投稿日: Sep 30, 2010 11:36:20 PM
アジアから元気をもらいたい方へ
過去何年かの間に中国と連携した仕事がグラフィックアーツの世界でも多くなり、しかも本格的になった。日用品の生産の非常に多くが中国に関係しているように、コンテンツの仕事も中国で作業するものが当たり前になろうとしている。これはアニメ・CGの方が印刷関係よりも先行しているのかもしれない。こうなった背景はインターネットBBの普及と、パソコンの普及がちょうど2005年くらいから中国のビジネスエリアと日本とで大差ない状態になったからである。別の見方をすると、パソコンとインターネットで行う仕事は世界中どこも同じように出来て、ライバルも世界中に居ることになり、安易なようで厳しい環境であるということである。
日本でも会社紹介で高層ビルのオフィスでパソコンの前に社員が並んだ写真を出しているところがあったが、今はその光景が日本か中国か韓国かベトナムか判断できないほどである。しかもアジアの若い人はアナログを知らないでいきなりPhotoshopだったり、プログラムはjavaから始まったりで、余計な勉強をしないで仕事に関係あるところから入っていく。スキルが短期促成で安く雇えるので、これでは日本の教育ママが投資をした若者が対抗しようとしても如何ともしがたい。今までの教育の目的がオフィスに勤務することでしかなかったなら、それは別の目標に変えなければならない。オフィスや作業場が世界均一になったとしても、そこで何かを興すことができる人間力というのが必要である。
中国の若者が日本に来るとか日本の会社に入ると、やはり居心地がよいようで、日本人はやさしいとか、穏やかな日本文化というのもそれなりに受け入れられる。どちらかと言うと過去の中国はヨーロッパの方を向いてる感じだったが、身に着けているものでは日本人の方が見た目に中国人に近いので、日本人が身に着けていてよさげに見えるものが受けるようになっていて、中国の都会の20前後の人で、特に日本企業に勤めている人はほとんど日本人と同じような格好をして、同じように暮らしている。しかし育った環境の違いで、芯は彼らの方がしっかりしているのではないかと思わせるところが目立ってきた。

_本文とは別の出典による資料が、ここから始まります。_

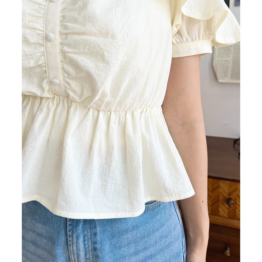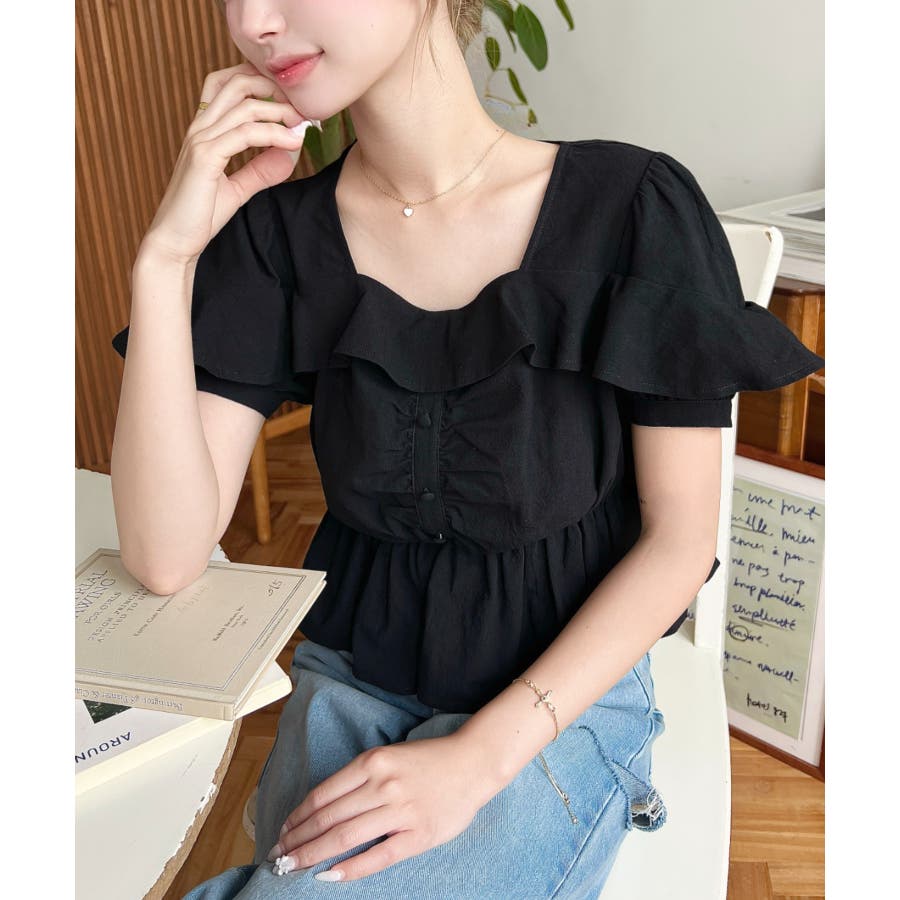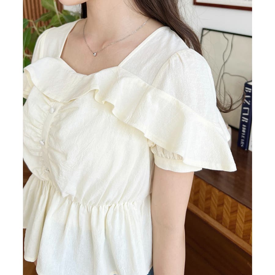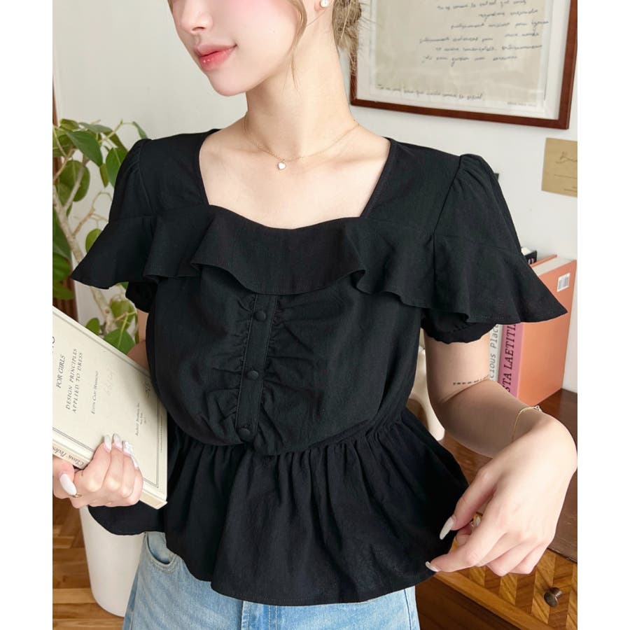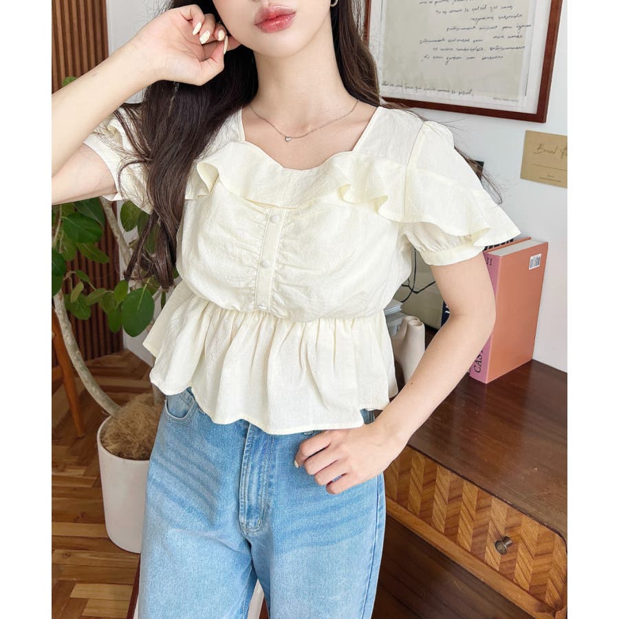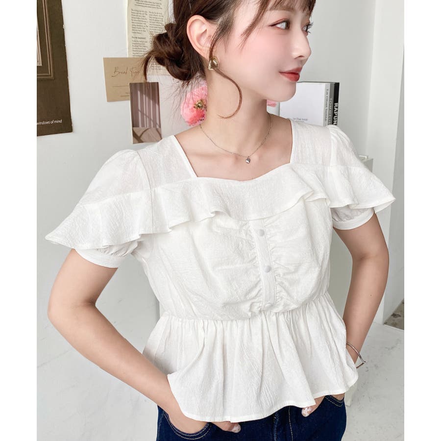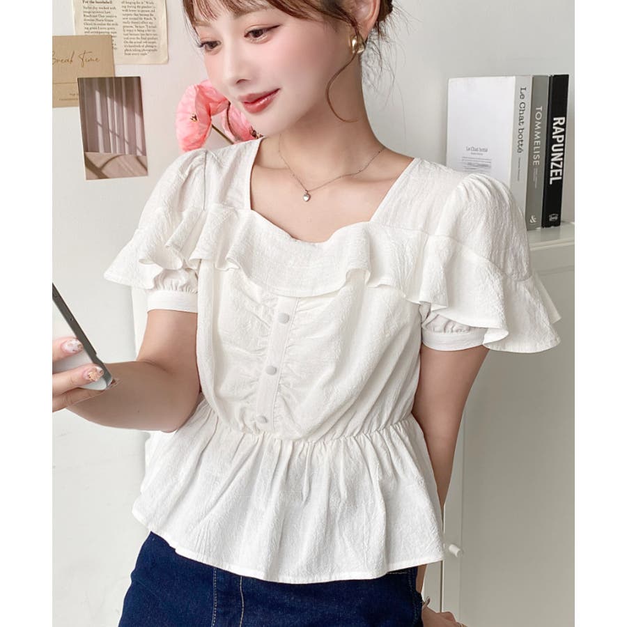 スクエアフリルペプラム半袖ブラウス
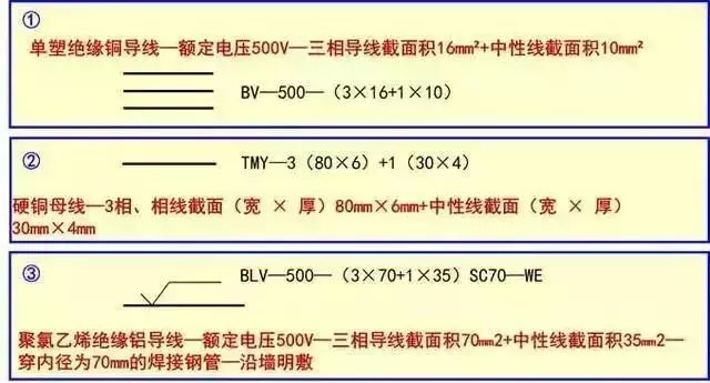 ②BLV,BV:塑料绝缘铝芯、铜芯电线。
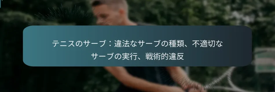 テニスにおいて、サーブは試合の結果に影響を与える重要なスキルですが、違法なサーブや不適切な実行は重大なペナルティや失点につながる可能性があります。戦術的違反を含むさまざまなサーブ違反を理解することは、公正なプレーを維持し、パフォーマンスを向上させることを目指す選手にとって不可欠です。サーブに関するルールをマスターすることは、コストのかかるミスを避けるだけでなく、コート上での戦略的アプローチにも寄与します。 テニスにおける違法なサーブの種類は何ですか? テニスにおける違法なサーブは、サーバーがサービス動作中に定められたルールに従わない場合に発生します。これらの違反を理解することは、選手がペナルティを避け、公正なプレーを維持するために重要です。 違法なサーブの定義 違法なサーブとは、サーバーがサーブ中に公式なテニスルールに従わない行動を指します。これらの行動はフォルトにつながり、ポイントやゲームの喪失を引き起こす可能性があります。サーブの主な目的は、特定の手続きガイドラインに従いながら、正しいサービスボックスにボールを打ち込むことです。 選手は、自分のサーブ動作に関するルールを理解し、意図せずに違反を犯さないようにする必要があります。これには、適切な足の配置、ボールトスの技術、全体的なサーブ動作が含まれます。 一般的な違法サーブの種類 フットフォルト ボールトスの違反 サーバーの位置の違反 これらの違法サーブの各タイプは、試合中にフォルトを引き起こす可能性があります。これらの一般的な違反を理解することで、選手は技術を調整し、プレー中のペナルティを避けることができます。 フットフォルトとその影響 フットフォルトは、サーバーがボールに接触する前にベースラインの上またはその上に足を踏み出すときに発生します。この違反はフォルトと見なされ、サーバーの得点能力に影響を与えます。選手は、ボールが打たれるまで足をベースラインの後ろに保つようにする必要があります。 繰り返しフットフォルトを犯すと、試合の重要なポイントで自信を失い、プレッシャーがかかる可能性があります。足の配置とタイミングを練習することで、このリスクを軽減できます。 不正確なボールトスの違反 ボールトスの違反は、サーバーがボールを正しくリリースしなかったり、不適切な方法でトスしたりする場合に発生します。たとえば、ボールが垂直にトスされなかったり、トスするのではなく落とされた場合、フォルトにつながる可能性があります。選手は、合法的なサーブを確保するために、一貫性があり制御されたボールトスを練習する必要があります。 適切なボールトスを維持することは、望ましいサーブの速度と精度を達成するために不可欠です。適切に実行されたトスは、サーブのパフォーマンスを大幅に向上させることができます。 サーバーの位置の違反 サーバーの位置の違反は、選手がサーブ中に正しいエリアに立っていない場合に発生します。これには、サイドに立ちすぎていることや、適切なサービスボックスを使用していないことが含まれます。このような違反はフォルトを引き起こし、ゲームの流れを乱す可能性があります。 選手は、サービスエリアの寸法を理解し、遵守を確保するために自分の位置を練習する必要があります。適切な位置取りは、ペナルティを避けるだけでなく、サーブの効果を高めるのにも役立ちます。 違法なサーブの結果 違法なサーブの結果はさまざまですが、通常はフォルトやポイントの喪失が含まれます。選手が連続して2回フォルトを犯すと、サーブを完全に失います。これは試合の勢いや選手の自信に大きな影響を与える可能性があります。 違法なサーブのリスクを最小限に抑えるために、選手は定期的にサーブのルールを見直し、技術を練習する必要があります。ルーチンを開発することで、サーブが合法的かつ効果的に実行され、試合中のペナルティの可能性を減らすことができます。 不適切なサーブの実行はゲームプレイにどのように影響しますか? 不適切なサーブの実行は、選手のゲーム戦略や全体的なパフォーマンスに大きな影響を与える可能性があります。サーブ中のミスはフォルトや失点につながり、最終的には試合の結果に影響を与えるため、選手はサーブ技術をマスターすることが重要です。 サーブ実行における一般的なミス 選手はサーブを実行する際に、いくつかの重要なミスを犯すことがよくあります。一般的なエラーの一つは、ボールを一貫してトスしないことで、これがミスヒットや不適切なサーブにつながる可能性があります。もう一つの頻繁な問題は、間違ったグリップを使用することで、これがサーブの角度やスピンに影響を与える可能性があります。 さらに、選手はサーブを急いで行うことがあり、これが姿勢やフォロースルーへの集中を欠く原因となります。これにより、サーブが弱すぎ
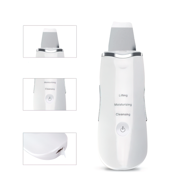 - Пілінг: за допомогою пристрою здійснюється ультразвукове чищення обличчя (пілінг), стимуляція й регенерація, підвищення еластичності шкіри. Під впливом ультразвукових хвиль відбувається делікатне очищення шкіри від забруднень, видаляються «чорні точки», вирівнюються колір шкіри, стають світлі пігментні плями;
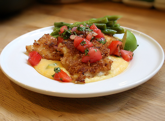 This is not at all what I intended to make tonight but my mind could not stop thinking about how to make creamy polenta out of that roll I had. I just didn’t like the sliced version. I have never had creamy polenta and I wanted to give it a shot. I knew the flavor profile I wanted; cheesy, smokey and crunchy with a little heat. This dish is what I came up with. Creamy polenta incorporated with some chicken stock, fresh parsley and cheddar cheese with panko crusted cod seasoned with Citrus Falksalt, smokey paprika, pepper and some kosher salt and a salsa that combined tomatoes, red onion, parsley, cilantro paste and some spicy sriracha sauce. Loved it!
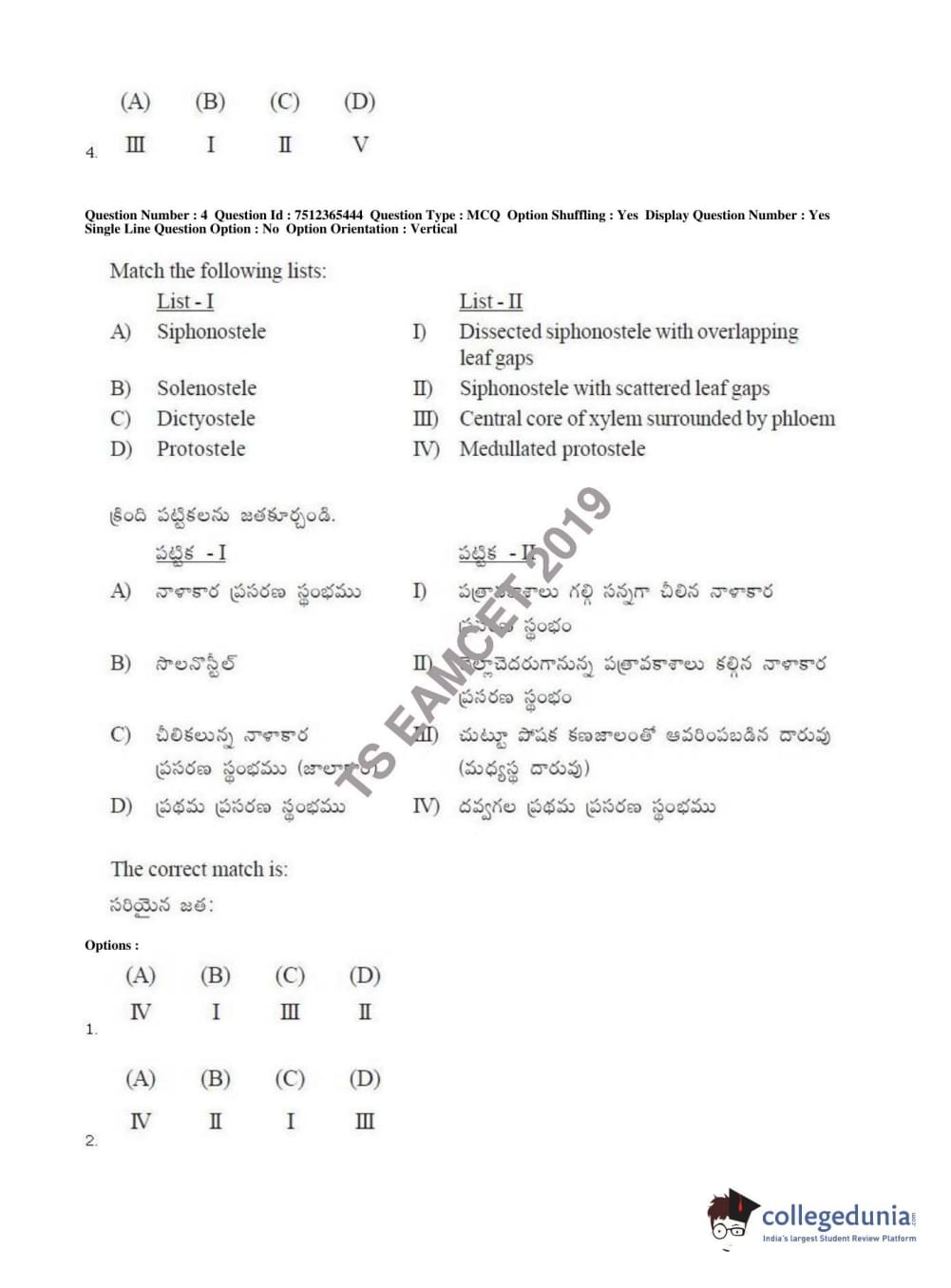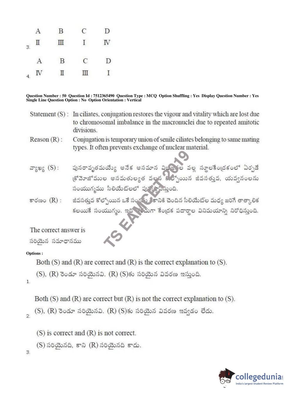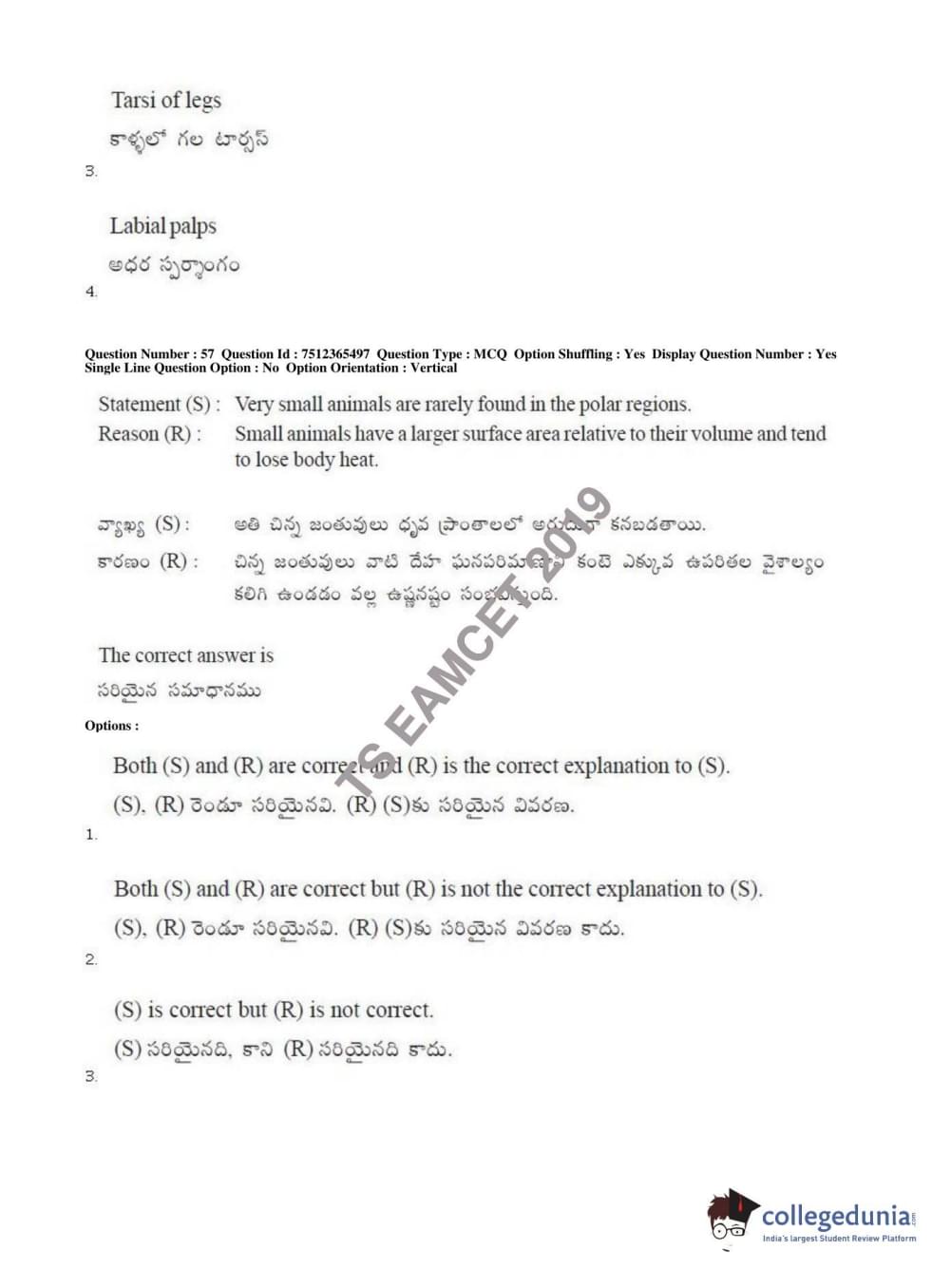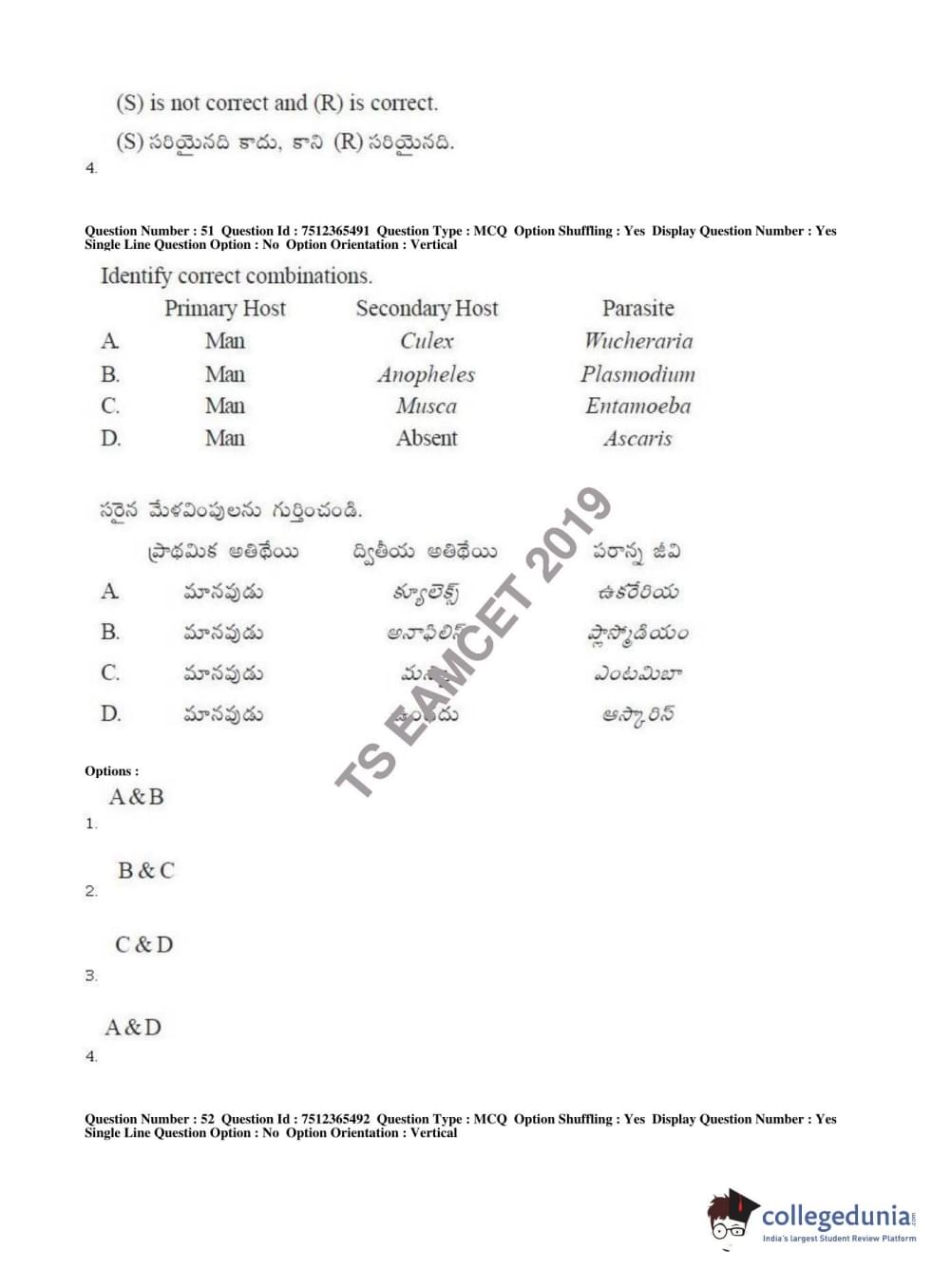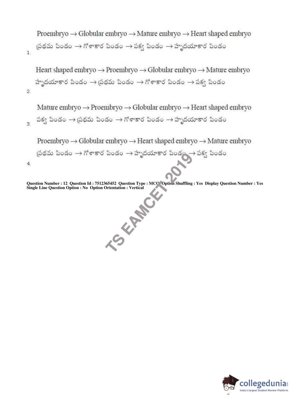 TS EAMCET 2019 Agriculture and Medical Question Paper with Answer Key PDFs Afternoon Session
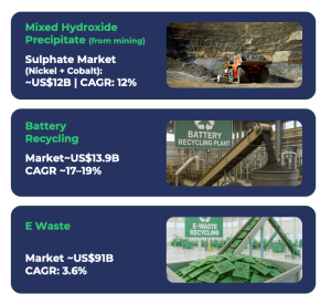 📌 Target Market: Global battery recycling (US$13.9B, growing at 17–19% CAGR)

彼らから見ると日本人のやさしさや優柔不断さが甘さとも見えるようで、こと自分の仕事となると中国人の方がシビアで、それが日本人に向かうと日本人はたじろぐ場合もあるが、いっそのこと彼らを管理職につけてしまうと、シビアさはうまい方向に行くこともあるようだ。しかし企業への忠誠心とかはないのが基本なので、一緒に働くことの意味を見出してもらわないと、組織の管理者にはなってもらえないかもしれない。つまり目的をちゃんと共有する組織でないと成果が上がっていく過程が見えないので、働き甲斐が見出せないということかなと思う。これは中国の経済成長の実態からすると極めて当たり前な感覚で、日本でも30年ほど前までは経済の右肩上がりという成長モデル自体が人々にやる気を提供していた。
かえって日本の職場を考えてみると、忠誠心の成れの果てとしての企業への依存心、目的が共有できないチーム、成果が出ない言い訳に日々頭を使うなど、放置しておくと滅びるしかない雰囲気がある。別にITベンチャーである必要はないが、個人の自律、チームの目的の明確化、前向きの工夫の積み重ねをしていくという、基本的なスタートに切り替える必要があるだろう。